Врач (т̣абӣб, 5) осмотрел меня и спросил: «Что же с тобой?» «Огонь любви (на̄р ал-г̣ара̄м, 3) разгорелся в сердце моем». «Лекарство (дава̄’, 5) — сказал он,— трава, которая есть у меня». «Не надо мне трав, лекарство (дава̄’, 5) у той, кого я люблю. Оставь же меня умереть от этой любви (хава̄, 1) к ненаглядной (х̣ибб, 2)».
[116, с. 14]
Из тунисских народных песен:
Ответь, о гордая красавица (х̮андӯд, 2, Тунис), любовью,О, властительница черных очей (умм ‘уйӯн сӯд, 2).Я взрывом пороха сражен (мад̣рӯб би-л-ба̄рӯд, 3),а врачи (т̣убба, 5) думают меня вылечить.
[228, с. 251]
Из иракских народных песен:
О, верные любви (ахл ал-вафа̄’, 5), вы, только вы врачуете раны (джарх̣, 3) любви (вида̄д, 1).Люди знают всех в этих краях и увидели нас.Боюсь, что теперь они бросят меня в море любви (бах̣р ал-г̣ара̄м, 1), как исцелиться тогда?То, что было в моей душе, сломалось — душа болит.Разлука и молва лишь углубили рану — она болит.Зельем (дава̄’, 5) врачуют раны от удара меча —Раненный словом жестоким неисцелим.
[179, с. 84]
Семантико-стилистическая группа слов, обозначающих помощников лирического героя, врачевателей, посланников, дает еще одно основание полагать, что арабский жанр газал связан с развитием эпоса. Мы уже указывали на высказывание Б. Я. Шидфар, что на эту мысль наводит наличие в газале очень древнего эпического персонажа «вредителя», известного в волшебных сказках разных народов [159, с. 219]. Аналогичен и персонаж «помощника».
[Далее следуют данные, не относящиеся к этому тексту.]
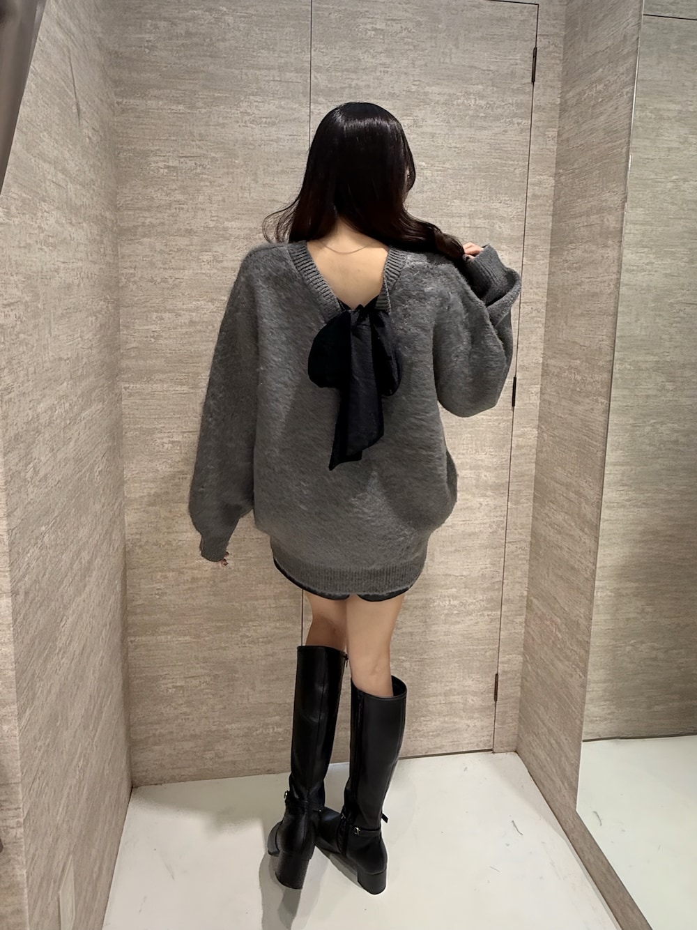 大人気のバックリボンニット🖤 大人可愛いチャコールカラーおすすめです🫶🏻 リボンはベロア素材でクラシカルな印象に✨ とにかく後ろ姿が映えるおすすめニットです! ふわふわのシャギー素材が気持ち良い🥹

Для древнего мифического сознания была характерна вера в превращения, естественно представление, что и «звери когда-то, были людьми» [49, с. 9]. Так, в сказках и в народном эпосе в роли помощников выступают «конек-горбунок», «кот в сапогах», «серый волк», а также и «верный слуга», «волшебник» и т. п. Самые важные элементы мифического сознания переходят из эпоса в лирическую песню. «Наиболее стойкие моменты мифического сознания присутствующие в лирической поэзии,— пишет В. И. Еремина,— есть, по всей вероятности, результат традиционного многовекового отставания формы выражения от содержания. Мифическое сознание теряет со временем основные элементы своего содержания (веру во всеобщую одухотворенность, в превращения и т. п.), но форма выражения эстетически ценных представлений сохраняется почти нетронутой, она лишь слабо видоизменяется, а потому и живет веками. Готовые устойчивые поэтические формулы вновь осмысливаются и присутствуют в народной поэзии уже для выражения иных чувств, иных настроений» [49, с. 15].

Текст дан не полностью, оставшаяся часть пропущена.